== Segment start ==

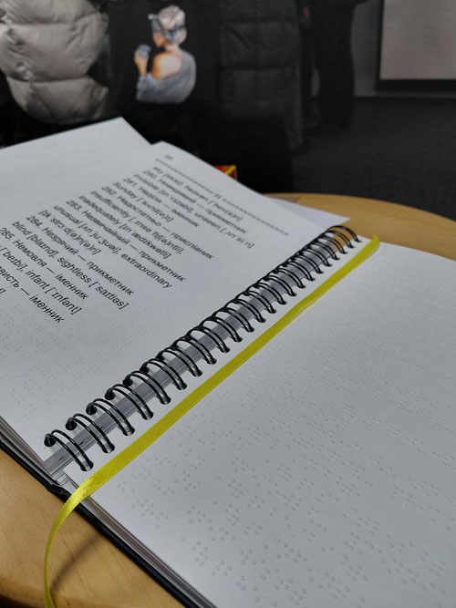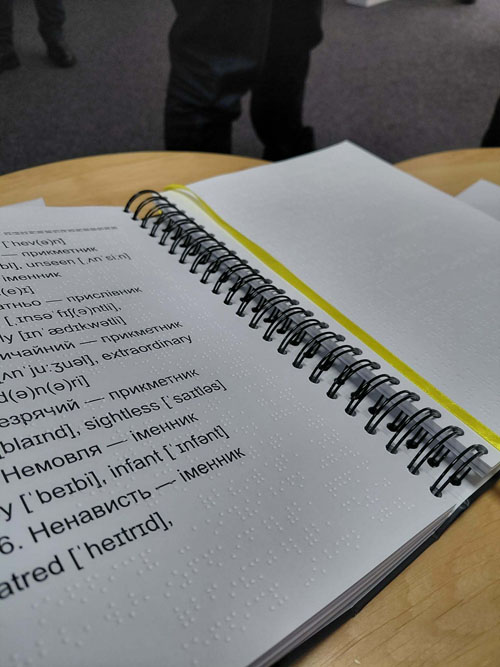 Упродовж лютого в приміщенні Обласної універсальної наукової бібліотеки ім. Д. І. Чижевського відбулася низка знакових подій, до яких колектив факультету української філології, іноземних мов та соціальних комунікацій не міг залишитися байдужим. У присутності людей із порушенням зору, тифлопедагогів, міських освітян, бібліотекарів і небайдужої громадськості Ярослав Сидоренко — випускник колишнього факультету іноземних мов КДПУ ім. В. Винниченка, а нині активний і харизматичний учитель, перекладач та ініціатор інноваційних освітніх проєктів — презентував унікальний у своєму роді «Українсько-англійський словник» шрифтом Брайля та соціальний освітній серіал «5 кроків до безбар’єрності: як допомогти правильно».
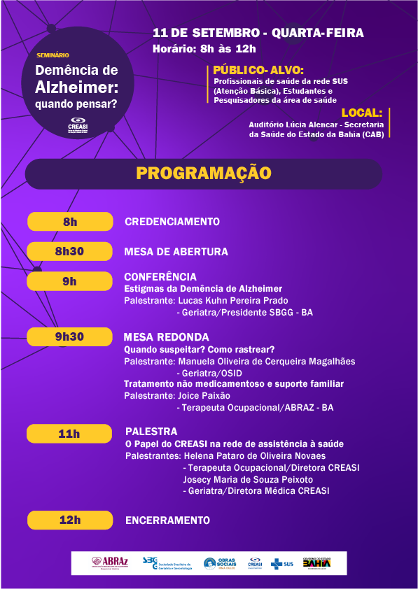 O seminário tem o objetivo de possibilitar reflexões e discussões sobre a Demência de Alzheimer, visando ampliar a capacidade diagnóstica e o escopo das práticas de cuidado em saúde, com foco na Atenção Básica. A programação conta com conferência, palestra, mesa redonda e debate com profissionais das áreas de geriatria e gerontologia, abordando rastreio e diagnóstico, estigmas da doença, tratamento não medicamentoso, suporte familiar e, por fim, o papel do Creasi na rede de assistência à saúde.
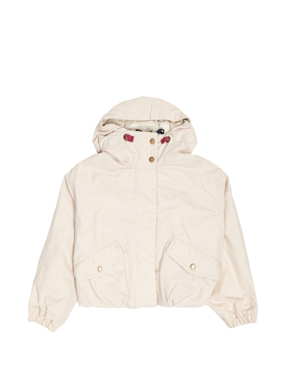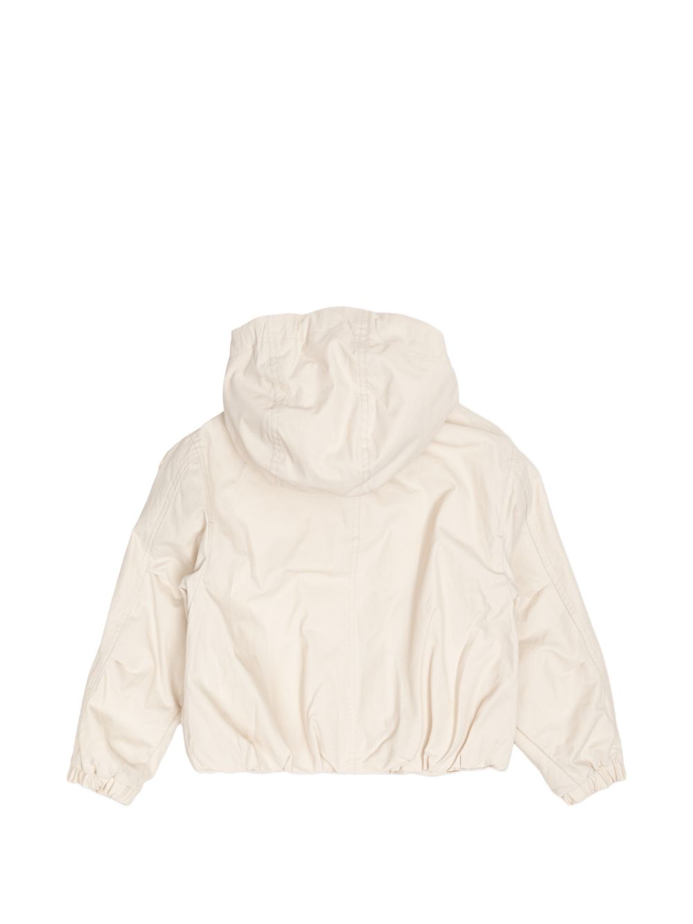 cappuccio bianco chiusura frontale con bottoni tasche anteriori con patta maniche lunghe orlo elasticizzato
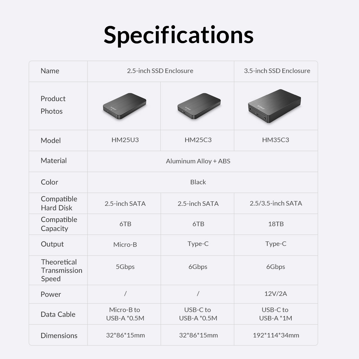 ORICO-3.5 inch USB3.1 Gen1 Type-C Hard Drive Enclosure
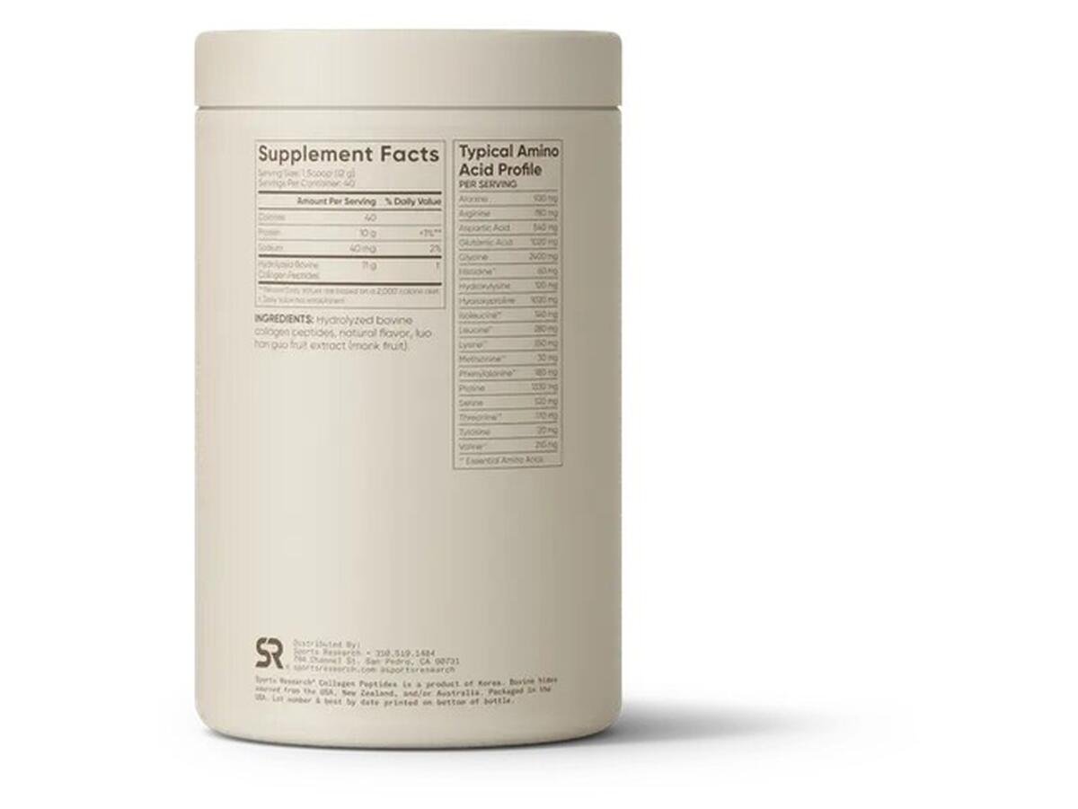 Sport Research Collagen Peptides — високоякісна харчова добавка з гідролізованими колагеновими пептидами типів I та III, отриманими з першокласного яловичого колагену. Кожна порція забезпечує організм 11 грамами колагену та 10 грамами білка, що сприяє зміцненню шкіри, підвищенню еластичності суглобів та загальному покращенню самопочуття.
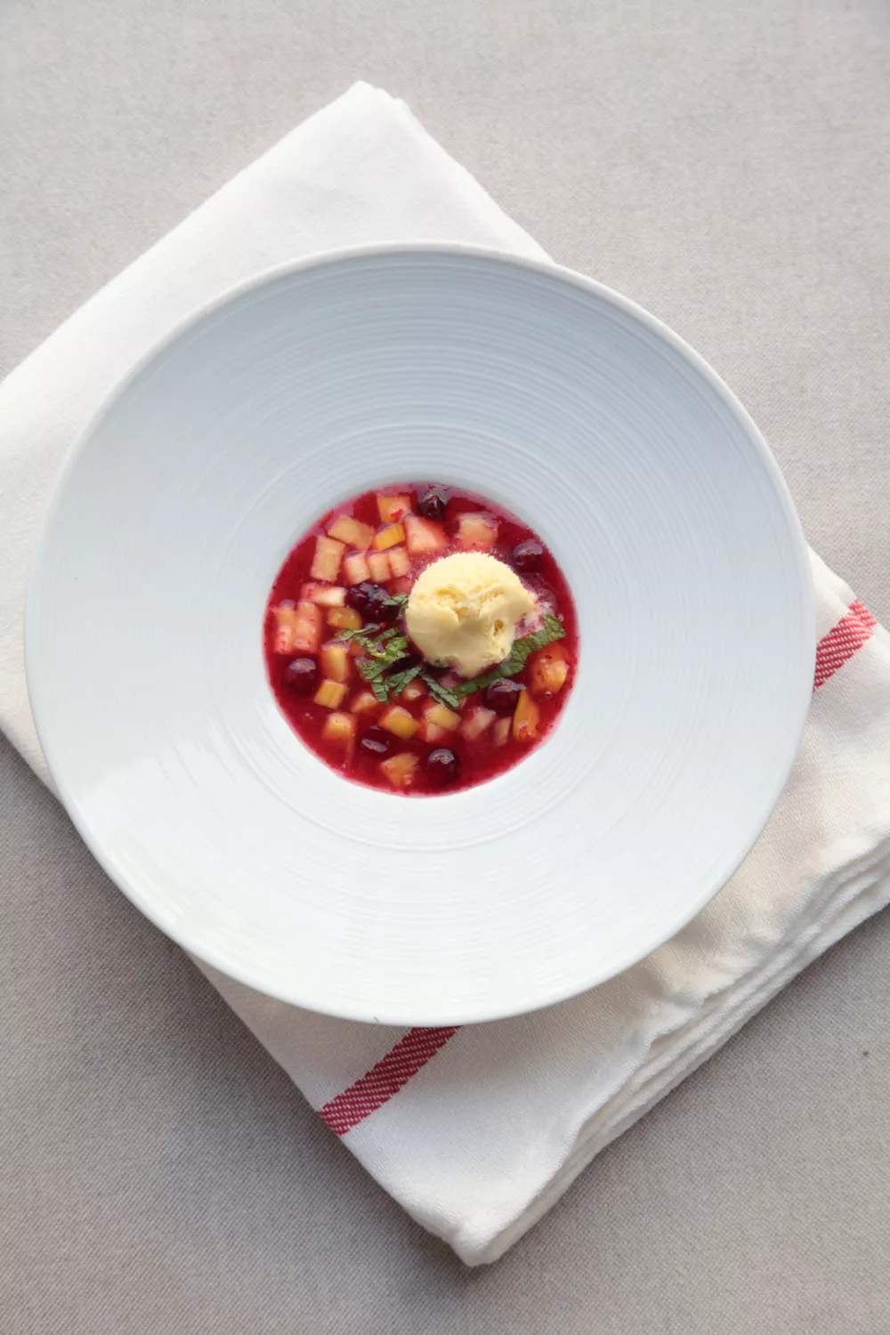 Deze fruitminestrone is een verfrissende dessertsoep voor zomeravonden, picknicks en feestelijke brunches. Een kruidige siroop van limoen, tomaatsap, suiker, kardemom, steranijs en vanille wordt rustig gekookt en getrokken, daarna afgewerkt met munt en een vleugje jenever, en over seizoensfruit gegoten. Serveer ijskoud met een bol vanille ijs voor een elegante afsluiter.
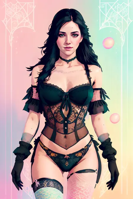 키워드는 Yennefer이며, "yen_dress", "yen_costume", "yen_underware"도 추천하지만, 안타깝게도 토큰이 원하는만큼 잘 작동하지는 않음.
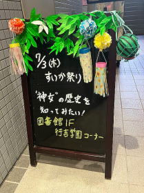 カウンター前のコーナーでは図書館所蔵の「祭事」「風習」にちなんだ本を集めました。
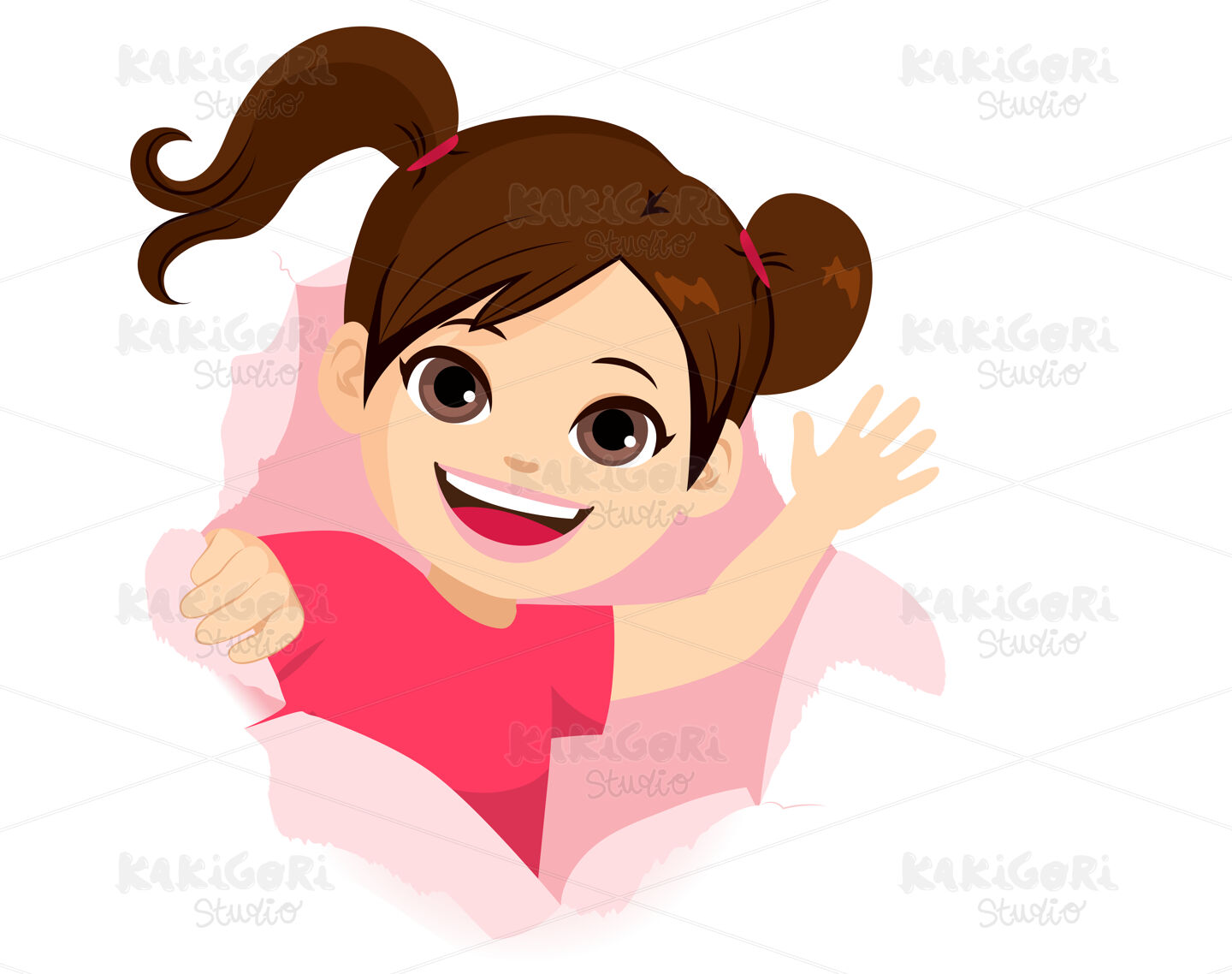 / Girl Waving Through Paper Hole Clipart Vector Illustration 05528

== Segment end ==

*WORK INSTRUCTIONS*. The lines from the one holding "カウンター前のコーナーでは図" through the end of the material above are to be echoed exactly, both ends included. Do not include pictures.

*EXPECTED OUTPUT*.
 カウンター前のコーナーでは図書館所蔵の「祭事」「風習」にちなんだ本を集めました。
 / Girl Waving Through Paper Hole Clipart Vector Illustration 05528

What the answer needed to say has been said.